仅仅十二个字,便让在场所有金丹长老浑身一震,仿佛有一道玄奥的门户,在他们面前缓缓开启。
“今日开坛,非为炫技,乃述吾道。金丹者,非仅是法力之凝聚,实乃修士‘精、气、神’三宝混元如一,性命交修之无上结晶。世人皆言金丹分九品,然在我看来,不过三境而已。”
“下品金丹,或重法力浑厚,或重神魂凝练,失之偏颇,如跛足之人,虽能前行,却终难致远。”
“中品金丹,虽得三宝平衡,却如混浊之水,犹有杂质,道基不纯,未来道途,必多坎坷。”
“唯有上品金丹,抱元守一,混元无漏,方是真正的大道之基。其丹如琉璃,内外明澈,可承载天地道韵,得以窥见那一线长生之机!”
秦轩的声音愈发玄妙,他开始阐述自己的道。
“吾之金丹,号为‘五圣混元’。五圣者,乃金、木、水、火、土五行本源所化之天地异种,为吾之外护道也。而混元者,是为阴阳未判,混沌未分之初始。此乃内圣外王之道!”
“欲结上品金丹,首重‘立意’!丹心即是道心,道心为何?非是空泛之言,而是要问己:我为何求道?我之‘真我’为何?此念不定,则道心不定,丹基必摇!当于心中立下‘真我如一,真性不昧,真道永恒’之无上宏愿,此念一起,便如一盏不灭心灯,照破万古迷雾,指引前路!”

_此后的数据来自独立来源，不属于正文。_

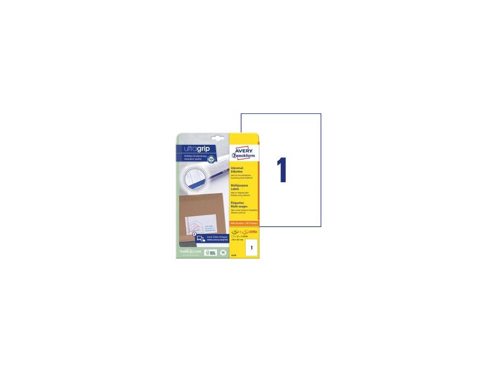 Biele univerzálne etikety vhodné na každodenné použitie v atramentových a laserových tlačiarňach a kopírovacích strojoch. Vďaka inovatívnej technológie ultragrip sa môžete spoľahnúť na bezchybné natiahnutie archu a tlač bez zasekávania. Bezpečnostný okraj QCT zabraňuje zanášaniu tlačiarne lepidlom. Pre laserové tlačiarne testovanéa certifi kované TÜV SÜD. Vysoká lepivosť na rôznych povrchoch. Ostrá tlač bez bez rozmazávania. Etikety sú vyrobené spôsobom šetrným k životnému prostrediu, majú certifi káciu FSC®, sú bielené bez použitia chlóru. Šablóny a softvér pre jednoduchú a rýchlu tlač etikiet k dispozícii zdarma. Formát A4. Balenie 25 + 5 hárkov.
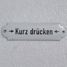 Das emaillierte Hinweis- und Türschild mit der Aufschrift “ kurz drücken “ hat die Größe von ca. 12x3cm.

“次重‘积累’。此积累,非仅是法力之积累。而是要以神观天地,观沧海桑田之变,悟星辰轮转之规;以心体万物,体五行生克之妙,感阴阳交泰之机。将所见、所闻、所思、所悟,尽数熔炼于己身法力神魂之中,使其圆融通透,如天地般生生不息!”
“再重‘劫数’。切记,丹劫非是阻道之魔,实乃天地之砥砺,大道之考验!吾结丹之时,曾引动心魔幻世之劫。然幻象万千,不敌我心头一念。非以力硬抗,而以道心为灯,视魔为镜,照见己身之不足,从而勘破,从而超越!劫过之后,则金丹圆满,道韵自生!”
秦轩的讲述,由浅入深,句句珠玑。
台下诸位听众,此刻已是反应各异。
一位困于金丹中期百年的老者,听闻“立意”之说,突然仰天长笑,笑声中竟带着泪水,他周身气息一阵剧烈波动,一道困扰他多年的心障,竟在此刻轰然破碎!
亦有长老眉头紧锁,时而掐诀推演,时而摇头苦思,显然是在试图理解那超越自身境界的玄奥至理,虽未顿悟,却也收获匪浅。
而如曾一鸣这般的筑基修士,更是听得如痴如醉。
他们虽不能完全理解其中深意,却也本能地将这些话语铭记于神魂深处,如同种下了一颗颗大道的种子,只待日后生根发芽。
这一场论道,足足持续了一天一夜。
当东方的天际泛起一抹鱼肚白,秦轩的讲述也渐渐进入尾声。
他并未再多言其他玄法,只是目光再次扫过众人,声音恢复了平静:
“金丹之道,存乎一心。吾道在此,诸君自悟。”
“大道漫漫,愿与诸君共勉。今日之薪火相传,盼他日道火永燃,光耀我教门楣!”
话音落下,秦轩缓缓起身,对着台下众人微微颔首,随后身形化作一道流光,消失在天际。
而论道台上,却无一人起身,所有人都沉浸在那番大道玄音的余韵之中,久久不能自拔。